Defeating Fluorosis in the East African Rift Valley: Transforming the Kilimanjaro into a Rainwater Harvesting Park
Citable Link (URL):http://resolver.sub.uni-goettingen.de/purl?gs-1/15750
The high availability of fluoride in surface and groundwater in the East African Rift Valley was documented during the colonial period. Since the early 1960s, many studies have been conducted to solve the fluorosis crisis in this region. At present, no cost-effective solution to mitigate fluoride contamination is available for the large majority of the population. This situation prompted a process analysis of commonly used technologies. Results revealed that the geochemistry of fluoride is the main problem. Fluoride is very difficult to remove from the aqueous phase.
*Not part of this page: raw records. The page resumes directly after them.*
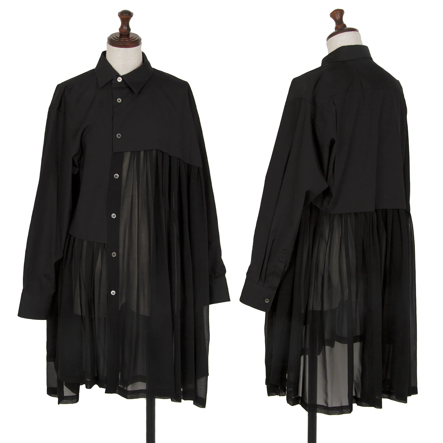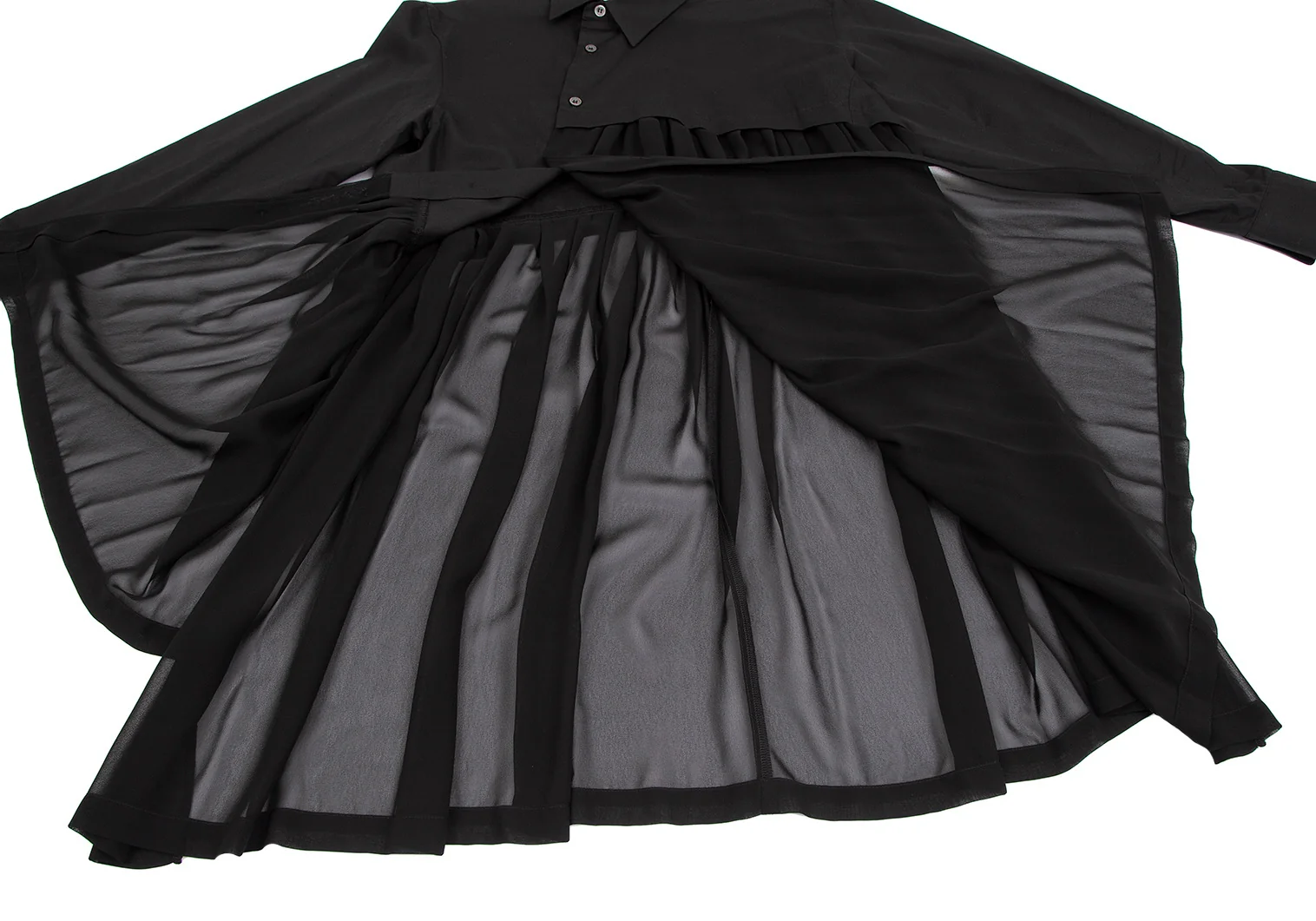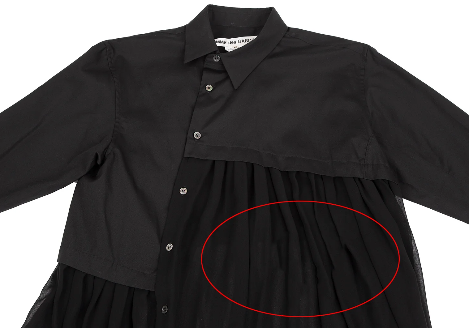 コムデギャルソンCOMME des GARCONS シフォン切替アシンメトリーコットンシャツ 黒XS
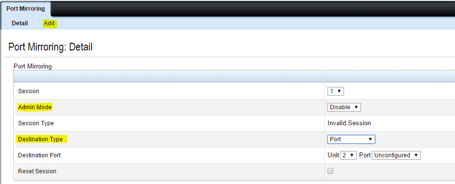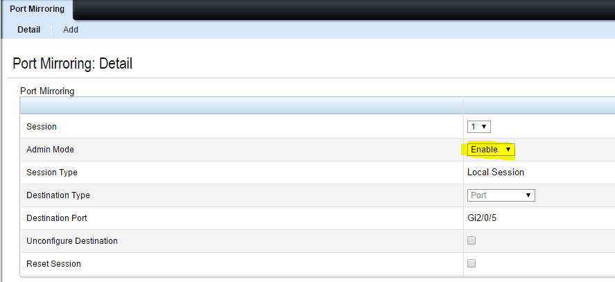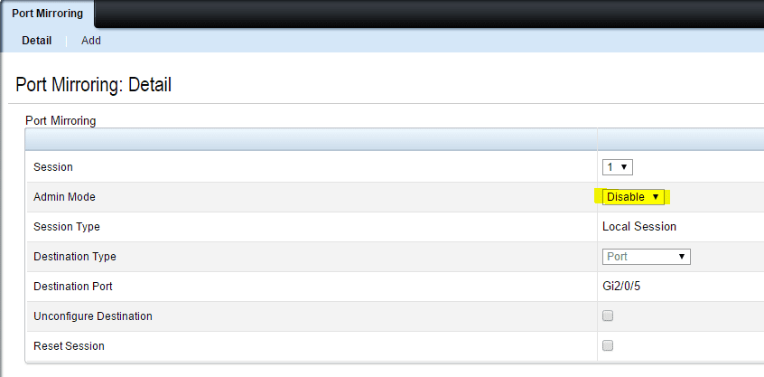 Notice below that theย Admin Modeย is set toย Disable. ย This means that the port mirroring functionality is not turned on. ย And obviously we don’t have a destination setup or source port(s) defined.
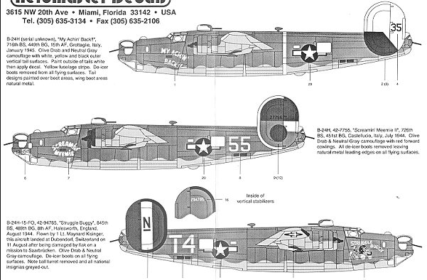 First is 'My Achin' Back' from the 15th AF's 449 BW. The tail in this case is white, yellow and black segments. The sheet provides the yellow and black part; you have to paint the white. There is also a yellow fuselage stripe. All of the de-icer boots were removed so this will be natural metal. There is also a yellow patch on the center section of the horizontal stab that is supplied as a decal.
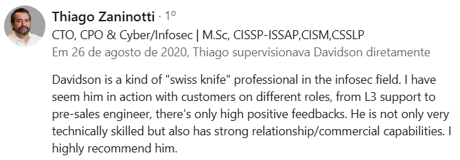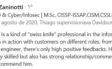 Sou um engenheiro de soluções com mais de 12 anos de experiência em cibersegurança, focado em fortalecer a segurança digital e a resiliência dos clientes através de soluções estratégicas.
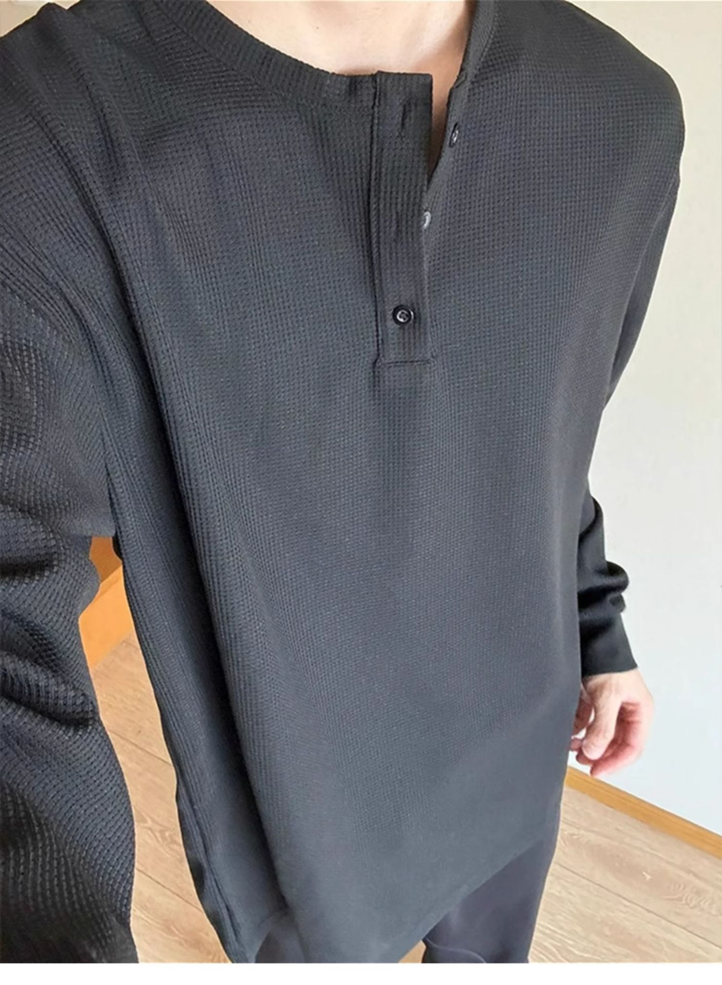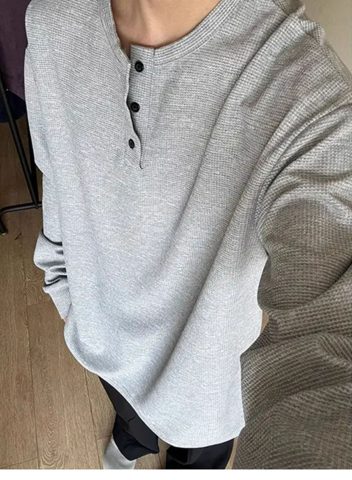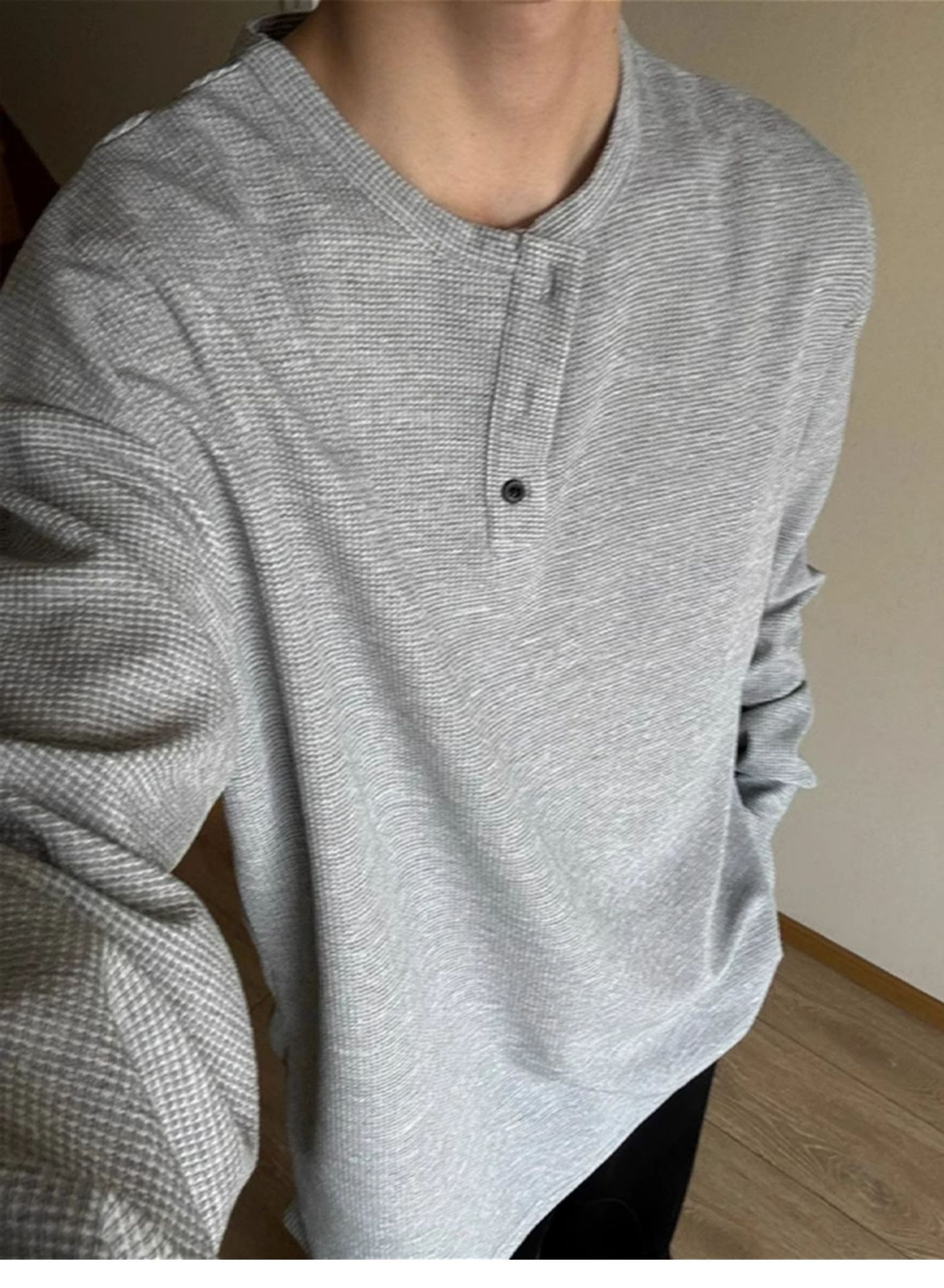 그레이 헨리 칼라 긴팔 티셔츠 남성용 봄과 가을 미국 티셔츠 와플 루즈 캐주얼 내베이스 셔츠스토어 가기

Thus, eliminating the need for technical water defluoridation is an excellent way out of the fluorosis crisis. This goal can be achieved by harvesting fluoride-free rainwater. Harvested rainwater can be mixed with naturally polluted waters in calculated proportions to obtain safe drinking water (blending). This paper presents a concept to transform the Kilimanjaro Mountains into a huge rainwater harvesting park for drinking water supply for the whole East African Rift Valley. However, blended water may contain other pollutants including pathogens that are easy to treat using low-cost methods such as metallic iron based-filters (Fe0 filters). The proposed concept is transferable to other parts of the world still enduring fluoride pollution.